Political Klout: How Digital Influence Can Improve American Democracy

Posted by blindspotpolitics on August 16, 2012

Ever since Howard Dean used digital media in his 2004 Presidential Primary bid, political campaigns have viewed the digital and social media pastures ever greener. Instead of spending time and money promoting traditional media (newspapers, radio, and especially TV), campaigns and political operatives now spend hours discussing strategy for Pintrest or Instagram. Digital media, and the internet in general, realize the potential of this emerging market. Facebook, Google, and Yahoo–three of the largest digital platforms for targeted advertising–now have departments that specialize in political and advocacy media.

Yet, political operatives and media buyers are still learning how to best utilize the newly discovered and ever-expanding digital space. While the older generation scrambles to learn the in and outs of this complicated industry, young entrepreneurs and political hopefuls are keenly exploiting the technologies they grew up with and use everyday. For now, the room for innovative and experimentation is immense.

As Schumpter aptly theorized, industry competition fuels innovation through ‘creative destruction.’ In the competitive world of political campaigning–where the stakes of winning and losing are so incredibly high–it’s understandable why the reluctant old-timers, like Bastiat’s candle-makers, are trying to reaffirm their importance.

The current ventures into digital and social media by many of these experienced professionals are mainly half-hearted. The internet is complicated. Even to begin the most simplistic digital media buy takes more time developing strategy and targeting universes than a $1 million direct mail buy. Instead of diving head first into the digital space, many operatives have preferred to stick to the shallows: exploring the bare minimum that current technological innovations have to offer.

In a world where we are very close to printing 3-D burritos (check it out), campaigns still canvass by hand, promote their candidates through signs and buttons, and ‘change hearts and minds’ through the Puritanical town-hall meeting. Unfortunately for them, although fortunate for the younger political operatives who better understand the digital landscape and innovation, we are discovering that our social interactions can be partly and wholly emulated on the web.

However, with the older political operatives in control and the government’s general reluctance for a modicum of change, many aspects of campaigning are (rightly and wrongly) left out of the move to digital advertising and social media interaction.

An article released on July 24th,2012 in Campaigns and Elections by Marty Stone entitled ‘Communicating with influentials’ is a reaffirmation of the ‘old school’ way of doing things.  The article promotes the importance of people like the author’s mother ‘Bubbie;’ those trusted members of communities, well known for their advice giving on political matters and thus their control over how ‘platoons’ of voters will act at the polls.
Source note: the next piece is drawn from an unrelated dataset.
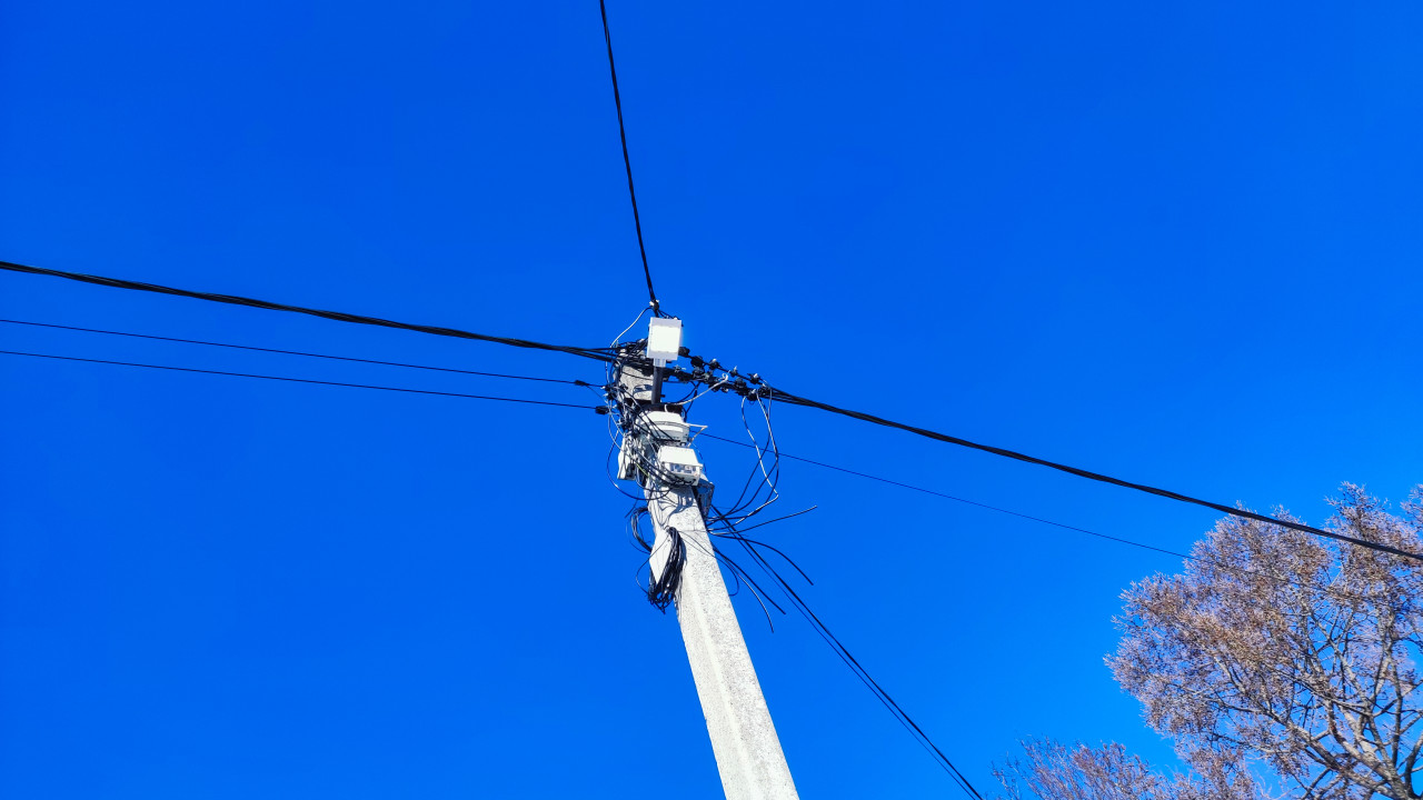 На изображении показана верхняя часть бетонной опоры воздушной линии связи и электроснабжения, на которой закреплены распределительные коробки и провода. В кадре заметны пересекающиеся кабельные трассы и небольшие монтажные элементы. Фон представляет собой чистое небо без облаков, что акцентирует внимание на конструкции. Такой снимок может использоваться в технических публикациях о сетевой инфраструктуре и монтаже линий электропередачи.

The author is explicit in his rejection of digital media, writing: “There’s no question that social media outreach is key when it comes to delivering a candidate’s message, but word-of-mouth contact is still king (or queen) even in this digital age.”

Sorry, Marty, but the voters of tomorrow, used to a world where they can constantly interact with friends and join online communities (led by influential people), don’t emphasis the importance of community influencers in the same way as their parents. Instead, like in all things, they’re moving to embrace social media interaction and constructed, online communities.

What many political operatives probably don’t know is that empirically judging ‘influence’ is one of the freshest and most controversial developments in our digital age. The leader of being able to judge online and social media influence is Klout, whose newest update is another reaffirmation that they are “the standard for influence.” Klout gives individuals scores on a logarithmic scale from 0 to 100 that ranks how much ‘influence’ sed individual has online. Don’t ask me to explain the equations or anything behind the scenes; all I know is that I currently have a ’59.’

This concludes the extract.